Rep. Lance Yednock, an Ottawa Democrat and chief sponsor of the House version of the bill, said it would only reiterate what Congress intended when it passed the 1947 Taft-Hartley Act, which gave states authority to enact right-to-work laws.
“In doing so, Congress decided to avoid the confusion that having 7,000 units of local government in Illinois with thousands of different laws would create,” Yednock said in arguing for the bill.
In recent years, however, federal courts have interpreted the law in different ways.
In Illinois, the issue came to a head in 2015 when the village of Lincolnshire passed an ordinance that prohibited the use of union-security agreements.
It also prohibited the use of “hiring halls,” which are union-based organizations that supply new recruits to employers with collective bargaining agreements. And it prohibited the use of dues “checkoff” arrangements in which employers collect union dues through payroll deductions on behalf of unions.
The International Union of Operating Engineers Local 399 challenged that law in federal court, arguing that the Taft-Hartley Act gives only states the authority to enact such laws.

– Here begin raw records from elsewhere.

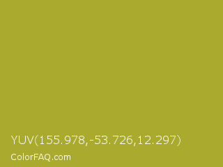 YUV 155.978,-53.726,12.297 Color is a normal yellow color and the nearest color is Lemon Ginger #ac9e22. Hex code #aaaa2f and RGB value is rgb(170,170,47). In RGB color space, this color is composed of 67% red, 67% green, 18% blue, In CMYK color space, this color is composed of 0% cyan, 0% magenta, 72% yellow , 33% black , In HSL color space, this color has a hue angle of 60° , 57% saturation and 43% lightness.
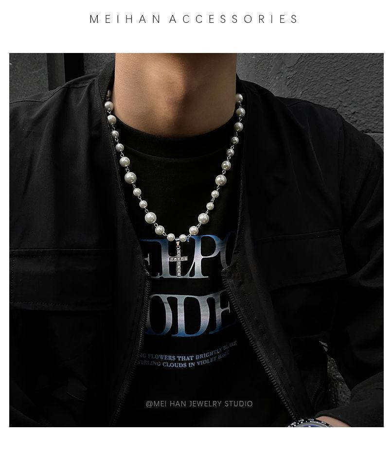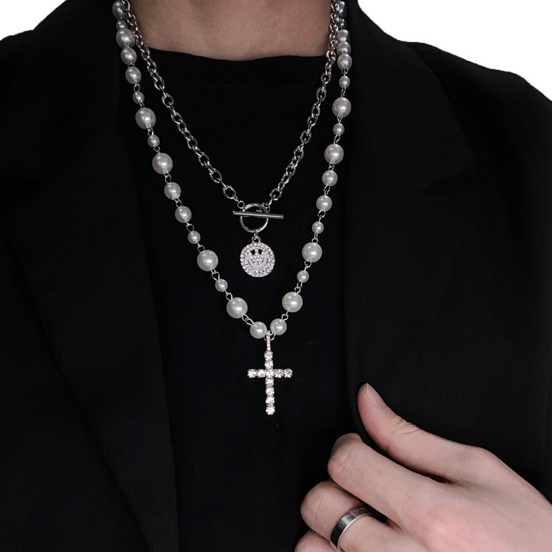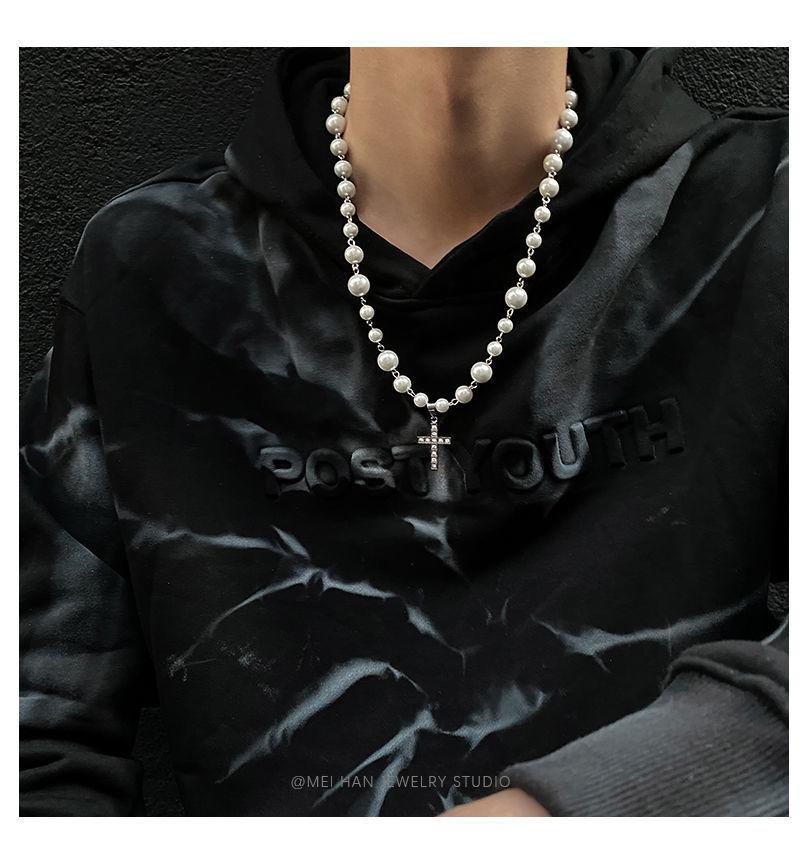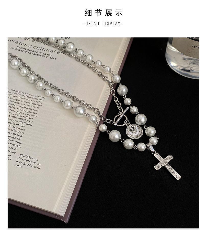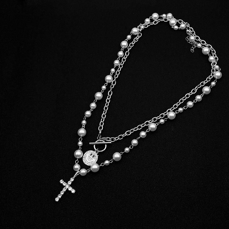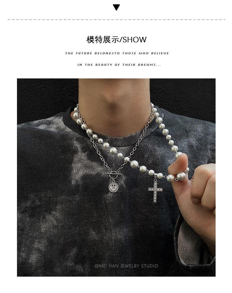 Collar de perlas estilo japonés y coreano con personalidad moderna y fresca, con colgante de cruz sonriente con incrustaciones de diamantes, joyería para parejas para hombres y mujeres.
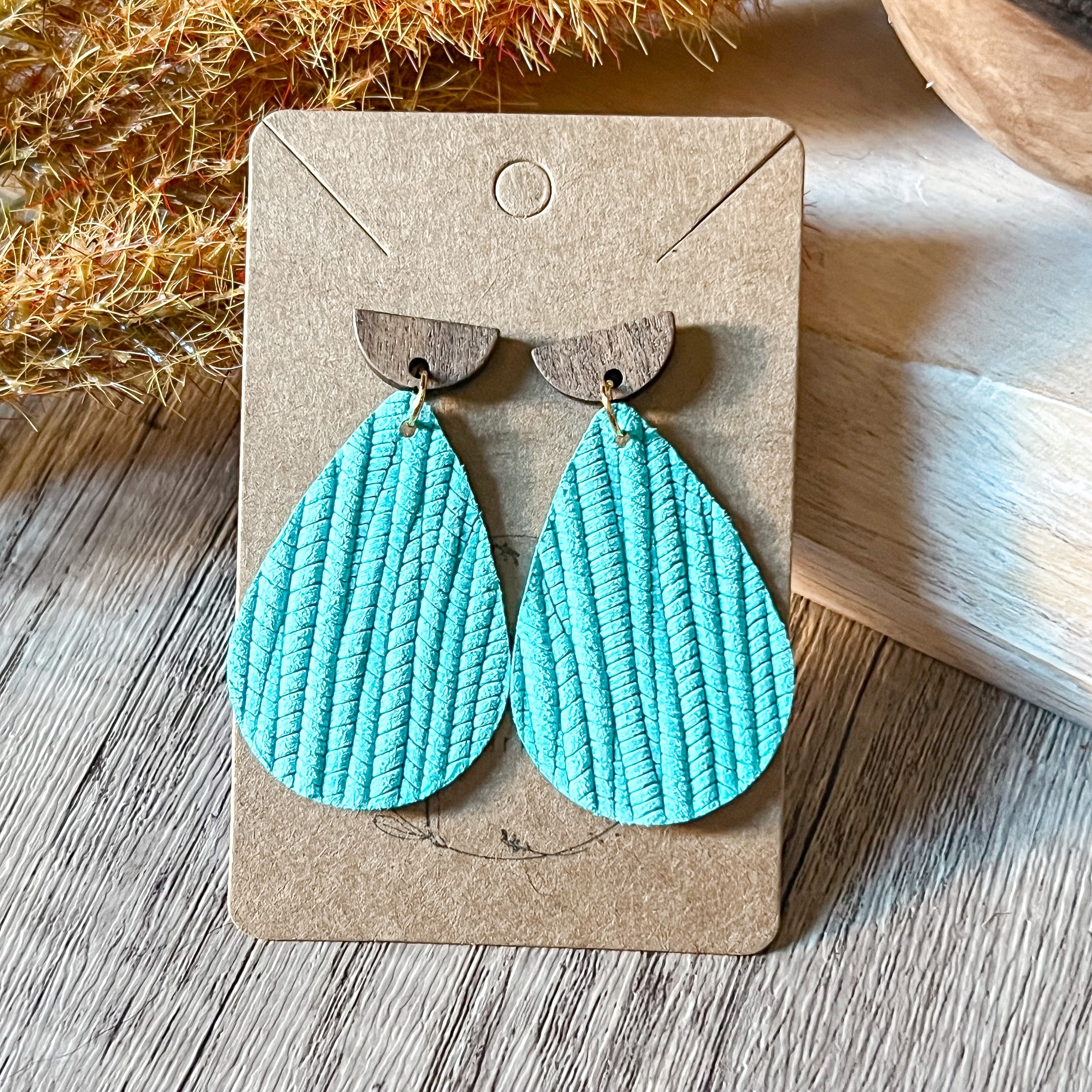 Feel confident, comfy, and cute wearing these adorable Turquoise Palm Leaf Teardrop Earrings with wood stud connectors.
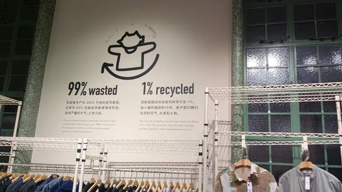 “目前,我国旧衣回收利用率不足1%,加入循环服装的行列,保护我们赖以生存的空气、水源和土地。”
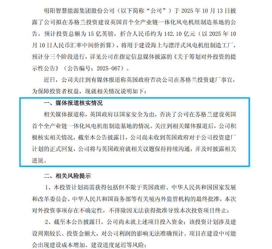 但在公告中,明阳智能也表示,该投资计划尚需获得包括但不限于英国政府、中华人民共和国国家发展和改革委员会、中华人民共和国商务部的最终批准,本次对外投资事项存在不确定性,不排除因无法获得批准导致本次投资项目终止。

Lincolnshire, however, argued that as a political subdivision of the state, it had the right to exercise the state’s authority.
In January 2017, a federal district court struck down the ordinance, and in September 2018, the 7th Circuit Court of Appeals upheld that decision. However, the appellate court also noted that other courts of appeals have ruled differently – specifically the 6th Circuit, which in 2016 upheld a similar law enacted by Hardin County, Kentucky.
The U.S. Supreme Court declined to hear an appeal of the Kentucky case. But now that the 7th Circuit has reached a different conclusion in the Lincolnshire case, some lawmakers said they believe the nation’s high court will be forced to weigh in.
“My impression is that if (some) other district goes up to the Supreme Court and they somehow rule that something similar to Lincolnshire is allowed, this ban would be stricken, and I think it would no longer be constitutional and enforceable on the books of Illinois,” House Republican Leader Jim Durkin, of Western Springs, said during debate.
The bill, Senate Bill 1474, passed by a 101-8 vote. It previously passed the Senate, 42-12, on March 7. But the House deleted a provision in the original Senate bill that would have made it a misdemeanor for any local government official to violate the act. That means the bill now must return to the Senate to either agree or disagree with the House change.